→ **Problem description**
Once you find the line below that has "The terms TP, FP, and", output it and every line after it exactly, stopping after the line that has "1. This step", with no pictures.

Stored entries
'''

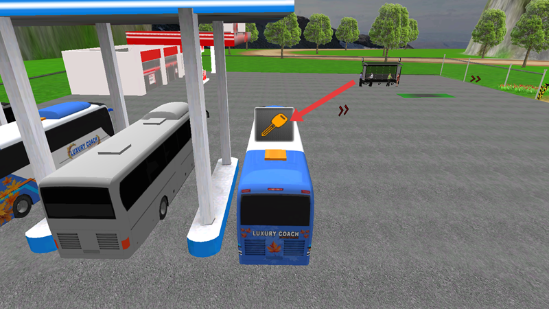 2、选择关卡后,进入游戏,点击公交车上面的钥匙图标启动车辆。
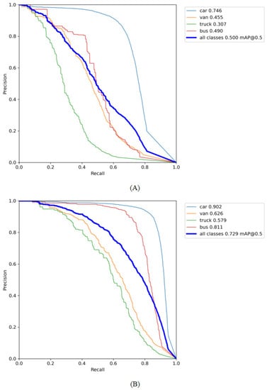The terms TP, FP, and FN indicate the number of objects that were correctly detected, wrongly detected, and undiscovered, respectively. P is the precision, indicating how many vehicles predicted to be in a certain category actually belong to that category in our manuscript. R is the recall, which shows the proportion of vehicles in a category in the dataset that are correctly predicted. It is easy to see that precision focuses on the accuracy of the detected vehicle category, while recall pursues the detection of more vehicles in a particular type. AP is the area under the P-R curve for a single class. Finally, mAP indicates the average AP of all categories and is a composite measure of detection performance.
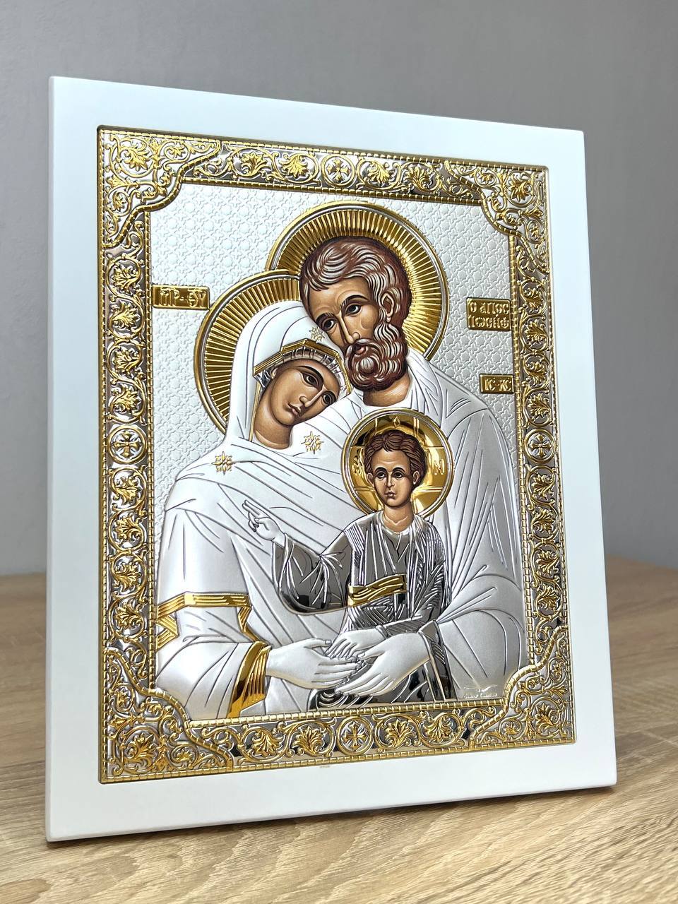 Св. Семейство, икона прямоугольная с рамкой, белое дерево 150х190мм серебряная Греческая.
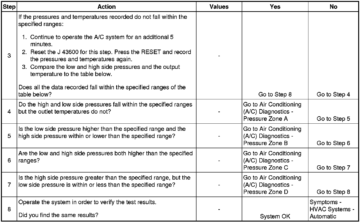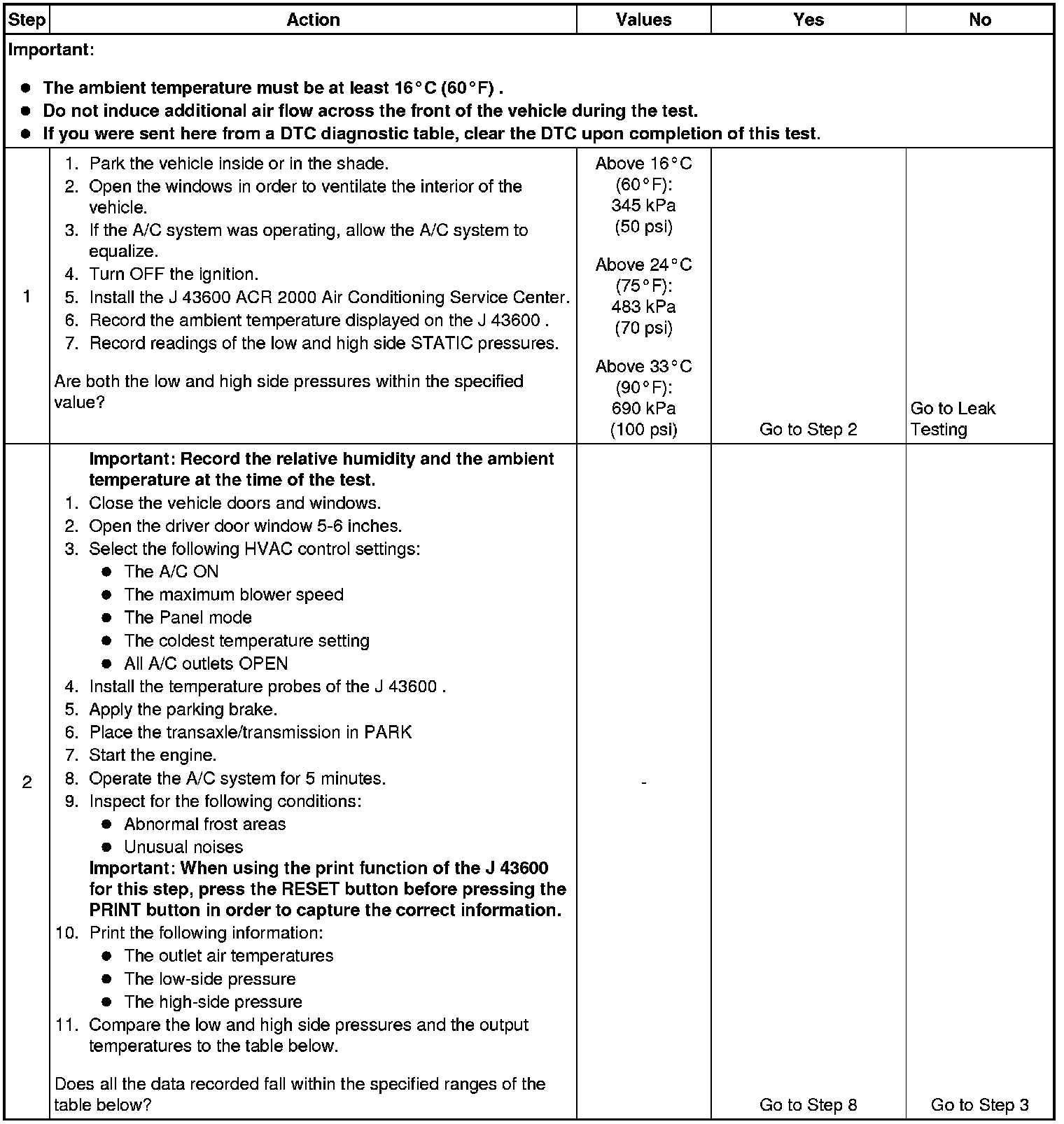 1. This step determines if the A/C system has at least the minimum refrigerant charge to operate the system without damage.
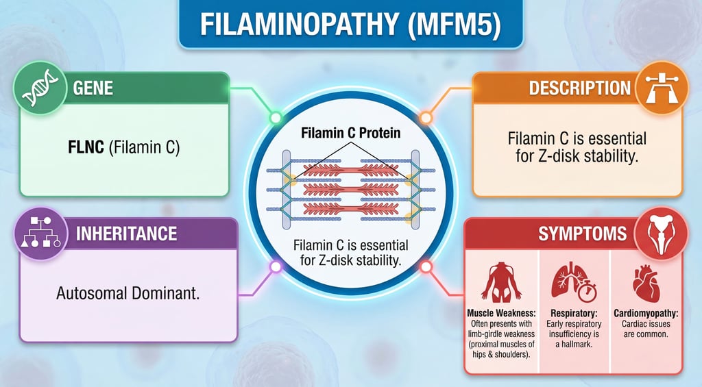 Muscle filaminopathy is a rare myofibrillar myopathy characterized by slowly progressive, proximal skeletal muscle weakness, which is initially more prominent in lower extremities and involves upper extremities with disease progression. Patients present with difficulty climbing stairs, a waddling gait, marked winging of scapula, lower back pain, paresis of limb girdle musculature, hypo-/areflexia and/or mild facial muscle weakness in rare cases. Respiratory muscle weakness is common and cardiac anomalies (conduction blocks, tachycardia, diastolic dysfunction, left ventricular hypertrophy) have been reported in some cases.

'''

→ **Finished task**
The terms TP, FP, and FN indicate the number of objects that were correctly detected, wrongly detected, and undiscovered, respectively. P is the precision, indicating how many vehicles predicted to be in a certain category actually belong to that category in our manuscript. R is the recall, which shows the proportion of vehicles in a category in the dataset that are correctly predicted. It is easy to see that precision focuses on the accuracy of the detected vehicle category, while recall pursues the detection of more vehicles in a particular type. AP is the area under the P-R curve for a single class. Finally, mAP indicates the average AP of all categories and is a composite measure of detection performance.
 Св. Семейство, икона прямоугольная с рамкой, белое дерево 150х190мм серебряная Греческая.
 1. This step determines if the A/C system has at least the minimum refrigerant charge to operate the system without damage.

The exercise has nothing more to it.